Primary Care Clinical Sciences, University of Birmingham, Birmingham, UK.
Faculty of Health Sciences and Medicine, Bond University, Gold Coast, Queensland, Australia.
Screening and Test Evaluation Program, School of Public Health, University of Sydney, Sydney, New South Wales, Australia.
Primary Care Unit, Institute of Public Health, University of Cambridge, Cambridge, UK.
School of Clinical Sciences and Community Health, College of Medicine and Veterinary Science, University of Edinburgh, Edinburgh, UK.
Ageing & Stroke Medicine Section, Norwich Medical School, University of East Anglia, Norwich, UK.

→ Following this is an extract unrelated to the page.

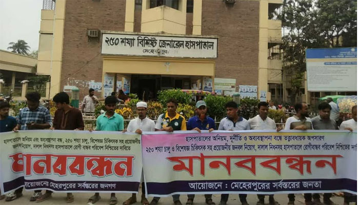 মেহেরপুর জেনারেল হাসপাতালে দীর্ঘদিনের অনিয়ম, দুর্নীতি ও অব্যবস্থাপনার প্রতিবাদ ও তত্ত্বাবধায়কের অপসারণের দাবীতে মানববন্ধন করেছে স্থানীয়রা।

Although self-monitoring of blood pressure is common among people with hypertension, little is known about how general practitioners (GPs) use such readings. This survey aimed to ascertain current views and practice on self-monitoring of UK primary care physicians. An internet-based survey of UK GPs was undertaken using a provider of internet services to UK doctors. The hyperlink to the survey was opened by 928 doctors, and 625 (67%) GPs completed the questionnaire. Of them, 557 (90%) reported having patients who self-monitor, 191 (34%) had a monitor that they lend to patients, 171 (31%) provided training in self-monitoring for their patients and 52 (9%) offered training to other GPs. Three hundred and sixty-seven GPs (66%) recommended at least two readings per day, and 416 (75%) recommended at least 4 days of monitoring at a time. One hundred and eighty (32%) adjusted self-monitored readings to take account of lower pressures in out-of-office settings, and 10/5 mm Hg was the most common adjustment factor used. Self-monitoring of blood pressure was widespread among the patients of responding GPs. Although the majority used appropriate schedules of measurement, some GPs suggested much more frequent home measurements than usual. Further, interpretation of home blood pressure was suboptimal, with only a minority recognising that values for diagnosis and on-treatment target are lower than those for clinic measurement. Subsequent national guidance may improve this situation but will require adequate implementation.